Although albuminuria is useful for assessing kidney damage, proteinuria caused by tubular dysfunction needs to be considered as well when managing HIV-infected individuals with CKD. Tenofovir disoproxil fumarate, which is one of the most frequently used antiretroviral agents, is well known for its renal toxicity and its damage to the proximal tubules. In individuals with TDF-associated kidney injury, the glomerular basement is usually intact so the urine contains mostly tubular protein. As a result, some researchers recommend measuring urine protein-to-creatinine ratio in this population as well [38, 39]. Urine albumin/total protein ratio at a cutoff value of 0.4 has been suggested as a useful tool to distinguish HIV-infected individuals whether they possess predominantly glomerular injury or tubular injury [39]. Physicians need to be well aware of tubular dysfunction due to antiretroviral toxicity, and that checking the urine for albumin alone as recommended by KDIGO may cause them to miss a cohort of individuals with tubular injury.

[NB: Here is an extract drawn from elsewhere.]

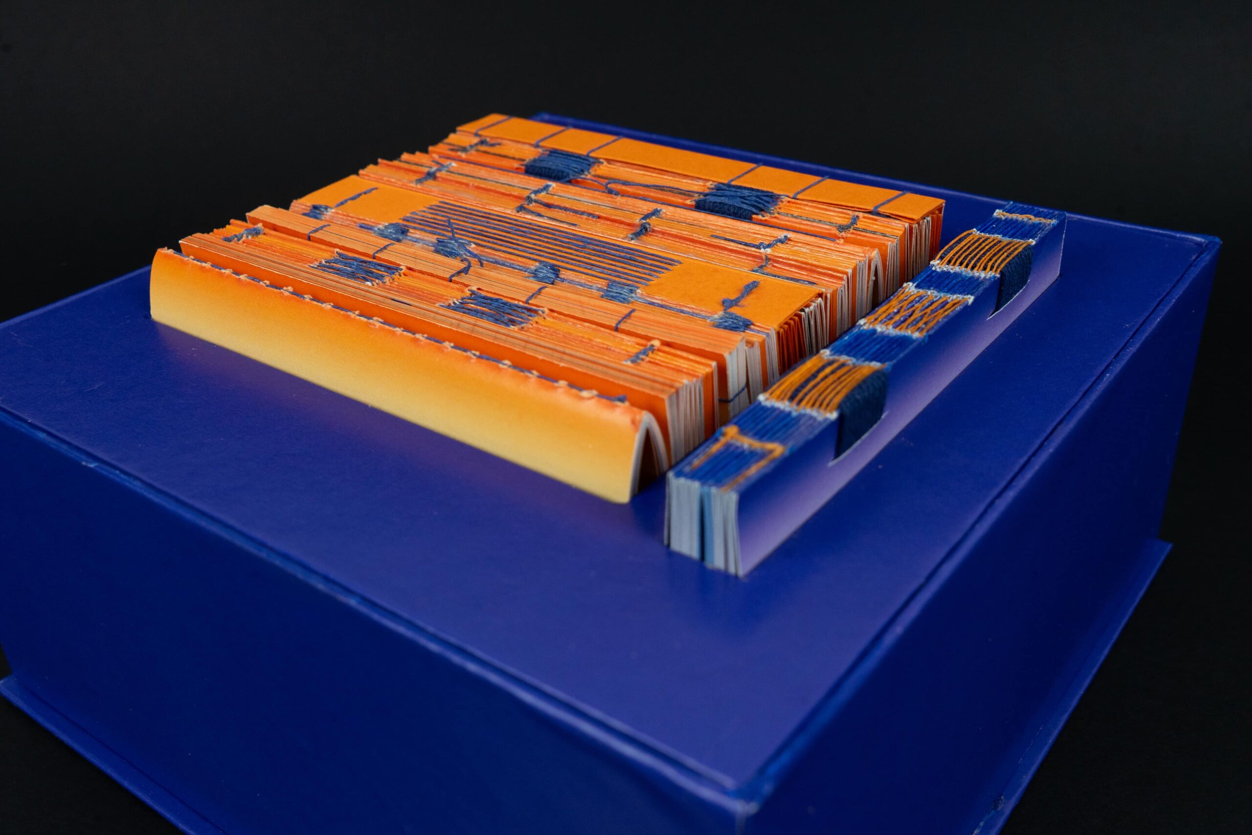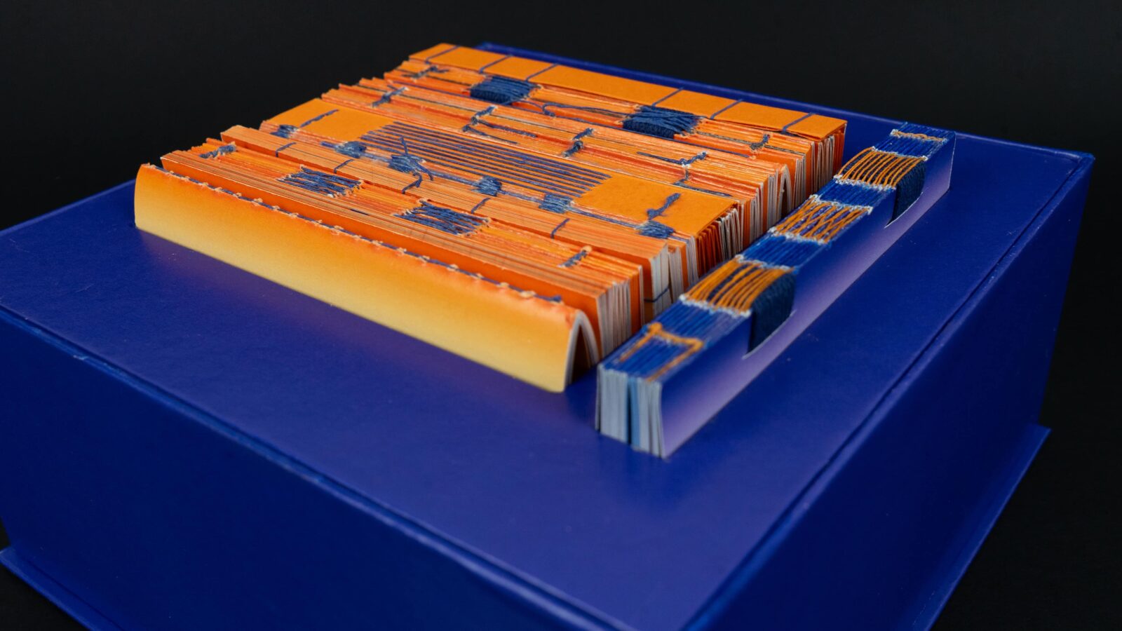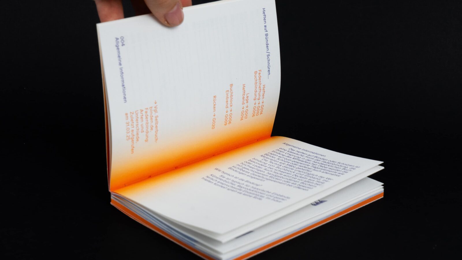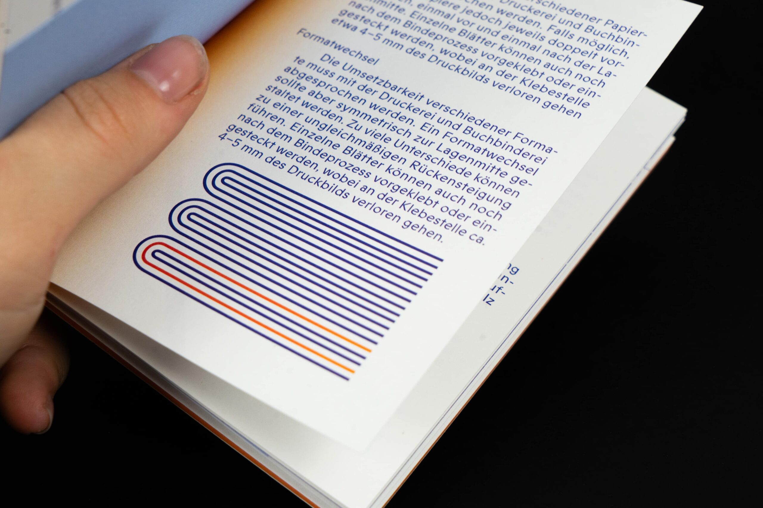 „Zwischen den Stichen“ untersucht Fadenbindungen als gestalterisches Mittel. In einer Box befinden sich handgebundene Einzelhefte, die verschiedene Bindungstechniken erklären, veranschaulichen und haptisch erfahrbar machen. Aspekte wie Fadenführung, Eigenschaften und Hinweise für Gestaltende bieten vielfältige Zugänge. Ein Begleitheft ergänzt das Projekt um theoretischen Hintergrund und gestalterische Einordnung. Ob zum Durchblättern oder zur vertieften Auseinandersetzung – diese Arbeit lädt dazu ein, Buchbindung in der Gestaltung neu zu denken.
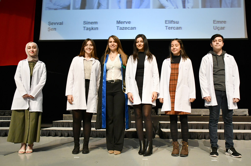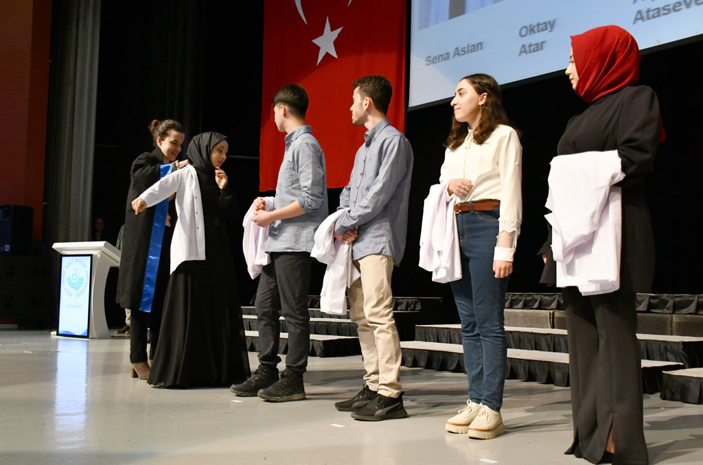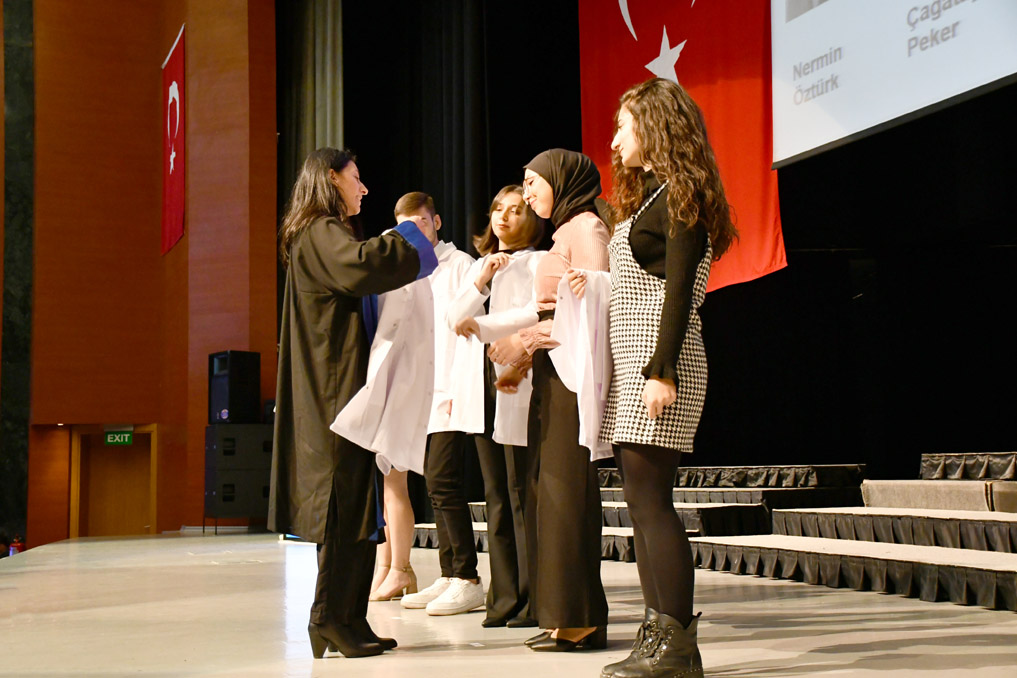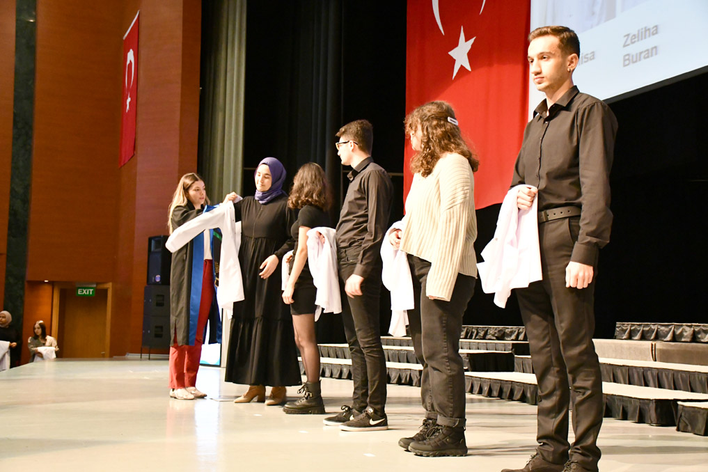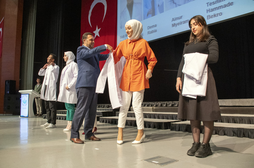 Vali Yardımcısı Şen, konuşmasının ardından fakülteye dereceyle giren Sıla Kaya’ya başarı belgesini verdi ve beyaz önlüğünü giydirdi.

The current study has several strengths. To the best our knowledge, this study included the largest HIV-infected population (n = 2135) from multiple tertiary hospitals in Japan, thus mitigating the possibility of a selection bias. We were able to test the prevalence of CKD using both guidelines on the same dataset enabling direct comparison. Urine albumin and dipstick testing was performed on the same fresh urine sample without long-term freezing and repeated thawing to ensure accuracy. However, we need to address several limitations in this study. First, albuminuria was not measured in 159 individuals (7.4%) among the total study cohort. Nevertheless, the prevalence of CKDK/DOQI stage 1–5, stage ≥3, and dipstick proteinuria of the subgroup (n = 1976) was identical to that of the study cohort. Therefore, we could postulate that the prevalence of albuminuria would be similar if we were able to measure it for every individual. Second, we determined ACR based on a single urine specimen, which could have overestimated the prevalence of albuminuria [40]. However, no cost-benefit studies for multiple urine ACR testing in the HIV population have not been reported to date. Furthermore, a single ACR value within the normal range can largely exclude microalbuminuria [40], reassuring clinicians that they would not miss patients who are at risk. Third, the study population comprised mainly well controlled HIV-infected Japanese men, with the proportion of women being relatively low at 5.9%. Therefore, the results may not be generalizable to women or other ethnic groups.

CONCLUSIONS

In conclusion, the prevalence of CKD was higher when classified by the KDIGO guidelines, which may enable physicians to more effectively capture HIV-infected patients who are at high risk. The sensitivity of dipstick proteinuria to detect albuminuria is so poor that this methodology for screening HIV-infected individuals for kidney disease is limited.